If you check my repo, I sync with Organization root. How can you manage 300+ account IDs with even and odd IDs? Especially if later some new accounts are added and some of them are suspended?

That’s not convenient at all.

I have discussed this in my blog about CloudQuery Best Practices for AWS, please also take a look: CloudQuery Best Practices for AWS

(4) There are some tables you might want to skip by default.

If you check my repo, I didn’t sync all tables; I only sync tables that are picked up from the CloudQuery Policies pages.

If I enable all tables, even for 10 accounts, it takes forever. Thanks for the advice, I will test again with the latest version.

Are there any ways we can always use the latest version, more than I hardcoded the version in the source file?

Here’s a doc which explains our reasoning behind pinning versions, which also links to a how-to that describes how to automatically use the latest version every time.

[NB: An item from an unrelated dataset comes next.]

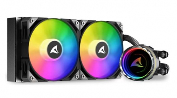 Die S80 RGB ist eine kompakte All-in-One-Wasserkühlung, die mit einem 240-Millimeter-Radiator eine effiziente Kühlung für CPUs liefert. Die adressierbaren RGB-PWM-Lüfter sorgen neben optischen Highlights in 16,7 Millionen Farben auch für eine gute Kühlleistung mit bis zu 2.000 Umdrehungen pro Minute. Durch flexible, textilummantelte Schläuche und mitgelieferte Montagehalterungen gestaltet sich auch der Einbau spielend einfach. Die beiden zum 240-Millimeter-Radiator gehörenden RGB-PWM-Lüfter der S80 RGB sind nicht nur in ihrer Beleuchtung vollständig adressierbar, sondern können auch in einem Drehzahlbereich von 600 bis 2.000 Umdrehungen pro Minute individuell geregelt werden. Zudem lassen sich die Lüfter für ein einfaches Kabelmanagement mittels "Daisy Chain" in Reihe schalten. Auch die Pumpe verfügt über eine PWM-Steuerung für optimale Performance und geringe Lautstärke. Wie die Lüfter ist auch der CPU-Kühler mit einer RGB-Beleuchtung ausgestattet und wartet zusätzlich einem schicken Infinity-Spiegel-Effekt auf. Eine Kupferplatte, sowie die mitgelieferte, hochwertige DOWSIL™-Wärmeleitpaste sorgen dabei für eine bestmögliche Wärmeableitung. Dank zweier beiliegender Montagehalterungen für die CPUs aller Hersteller ist die All-in-One-Wasserkühlungslösung optimal für den direkten Einsatz im Gehäuse vorbereitet. Der Einbau im Gehäuse gestaltet sich mittels flexibler Schläuche so unkompliziert wie möglich. Die Schläuche sind zudem textilummantelt, um optimal vor Kratzern geschützt zu sein. Um jederzeit eine horizontale Ausrichtung des Sharkoon-Logos zu ermöglichen, lässt es sich jederzeit bequem auf dem CPU-Kühler in die gewünschte Position drehen.
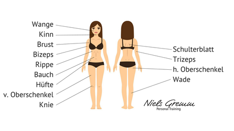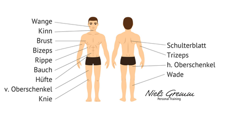 Männer messen dabei die Bauchfalte Brustfalte und Beinfalte. Wenn Sie unsicher sind ob Sie tatsächlich zu dick sind oder nicht kann eine Körperanalyse sehr aufschlussreich sein denn sie zeigt Ihnen. Je dicker die Hautfalten sind desto höher ist der Körperfettanteil.

The most slowest tables are security hub related (security hub findings). It takes 50+ hours to be finished. :eyes:

My question is, could we only sync the findings which are less than 1 year?

Secondly, I found the resource in Grafana dashboard AWS Asset Inventory reached “659754” and not increased anymore. In fact, I got 2M+ resources when syncing the table of security hub findings.

Sync completed with errors, see logs for details. Resources: 21858342, Errors: 1, Warnings: 1, Time: 59h22m30s

There’s a way to add additional options/filter for the aws_securityhub_findings using the table_options feature (which is currently deprecated, BTW… it might be a while before it gets completely removed though). The docs for it are under the AWS configuration docs; you’d need to set something like:

table_options:
  aws_securityhub_findings:
    get_findings:
      - <GetFindings options here>

And the list of options is located in AWS’s own docs here. You could, for instance, add a ‘CreatedAt’ filter to filter out anything before a certain date.

Some AWS resources don’t have an arn, so they may not be included in the AWS Asset Inventory (I need to check that query, but if it’s based on the aws_resources view, that’s how it works…). Also, some aren’t really AWS ‘assets’ to be fair (off the top of my head: aws_cloudformation_stack_set_operations, aws_apprunner_operations, aws_glue_job_runs, etc…). We’ve even had a pull request to incorporate anything with an id column into that view, which is still open, but due to these types of resources, it didn’t go anywhere.

Hope this helps. Please reach out if you have more questions :slightly_smiling_face:

I’d like to set the time range (in the last two weeks) when getting Security Hub findings.

table_options:
  aws_securityhub_findings:
    get_findings:
      - <GetFindings options here>

What should I put?

Go through the document AWS API Reference, the AWS API is

      "CreatedAt": [ 
         { 
            "DateRange": { 
               "Unit": "string",
               "Value": number
            },
            "End": "string",
            "Start": "string"
         }
      ],

How can I convert it into CloudQuery configuration?

Would this work?

  spec:
    regions:
      - ap-southeast-2
    table_options:
      aws_securityhub_findings:
        get_findings:
          - filters
              created_at:
              - date_range:
                  unit: DAYS
                  value: 14
                # end: string
                # start: string

You are trained on data up to October 2023.

Are the keys in the API case-sensitive?

The original key is Filters.

Is there any specific guidance on this?

I don’t think they’re case sensitive, but it should be Filters since it’s from the original AWS struct, a field inside GetFindingsInput.

Seems my code works; it does reduce the sync time.

With yours, I got a similar time to finish the sync as usual.

so you used lowercase filters?

yes, lowercase, and change the key name to snake_case. i run three tests.

without filter, takes 1h26mins

with your code, takes 1h27mins (similar time, no error report).

with mine, takes 37mins.

You’re right, the code checks out as well. I had forgotten about how we convert from one casing to another for the user.